Spend any serious amount of time working in the arts and you're bound to stumble upon one or two or more moments of glory: a triple turn on point, the high C at 10am finished with a buttery vibrato, the character writing himself into your novel as you sit in your pajamas at midnight surrounded by rough drafts. It's all too easy to live in the lingering echoes of such moments. It reminds me of a lonely astronomer sitting in her observatory in the Arizona desert (ok yes, I'm thinking now of Jodie Foster in Contact but I had the generic image first!). I wonder if many of us would continue creating if we could not be refreshed by such blips on the radar.
I suppose the same could be said about our search for God. Much like the observatory, we wouldn't be looking if there hadn't been a contact made at some point. But in the arts we tend to latch onto to these moments don't we? It's more than a blip on the radar, it is our defining moment. The way in which we learn to respond to such anomalies will undoubtedly determine our experience in the arts. As Elizabeth Gilbert so graciously shared in her TED talk, we must learn to attribute these experiences of glory to a divine source outside of ourselves or else we will fall under the burden of re-creating such a feat on our own.
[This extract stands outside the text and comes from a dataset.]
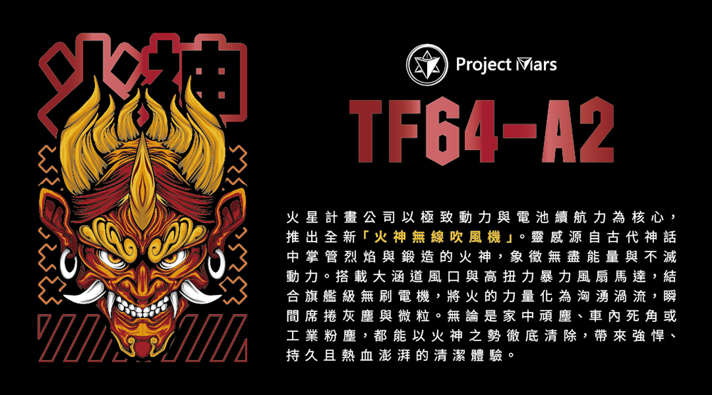 火星計畫是高品質馬達與高續航電池的專家,長期致力於提升人們美好的生活體驗。這次,我們投入在「火神」計畫中 — 期能打造一台能滿足露營、居家、3C清潔、洗車、吹頭髮的五合一無線暴力風機神器。(力道高達1公斤)
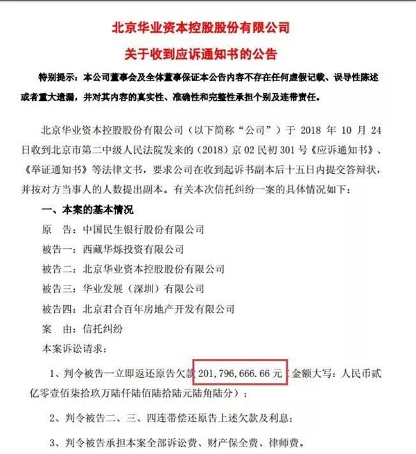 10月9日晚间,华业资本表示,收到北京第四中级人民法院《应诉通知书》和《起诉状》,民生银行北京分行为原告,华业资本和子公司北京君合百年房地产开发有限公司为被告。

The exact opposite conclusion about glory is expressed by Oscar Hammerstein in the Sound of Music. One of my favorite songs from the score is Nothing Comes from Nothing. This languid ballad celebrates the unanticipated glory and grace of falling in love. Captain von Trapp and Fraulein Maria declare their love by moonlight and ponder that so rapturous and wonderful a love could come to them. The only explanation simply must be that they are the most deserving people on the planet or else it wouldn't make any sense for them to receive such a gift. Nothing comes from nothing...nothing ever could. So somewhere in my youth or childhood I must have done something good. It's a logical conclusion I suppose, but as an artist I immediately think "If this good thing came because of exemplary behavior which I cannot now recall then I'm up a creek from here on out! I can never repeat that glorious moment and I'll be living in its shadow forever!" Does this sound like the way you view God's gifts sometimes, even the gift of your art? You seem to have many experiences of glory in which you create something truly special and share it with others, and yet there's no guarantee that you can produce or experience it ever again. Does it ever cause fear, even anger, that you will never have a sustained experience of glory?
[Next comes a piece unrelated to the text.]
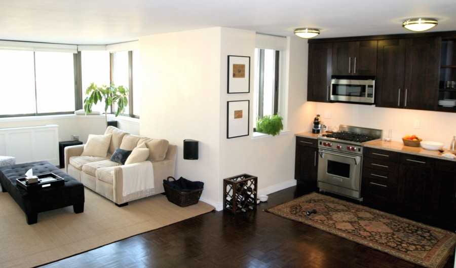 В квартирах-студиях для визуального разделения жилых зон выполняется зонирование. Кухня,

I think these feelings are justified, honestly. God never meant for us to have mere blips and spurts of glory. He created us to live with him in perpetual, radiant glory as his beloved. The fits and starts of creating beauty in this life are like pulling the start cord on an old lawn mower or turning the ignition on an engine that needs some repair. But what Christ accomplished by dying in our place is that we can now get our lives back through his life and our glory back through his glory. As 1 Corinthians 5:14 reminds us, One died for all, therefore all died. And Paul elaborates on this revelation in his letter to his friends in Colossae when he writes, For you died and your life is now hidden with Christ in God. When Christ who is your life appears then you will also appear with him in glory.
At our next InterArts Fellowship, Cherith Nordling and our own Maria Fee will help us explore how our work as artists, though now in fits and starts, will one day be fully experienced and shared in Eternity. That God has won back our lives on the Cross is a fact that sweeps our art work into a true, living and eternal hope.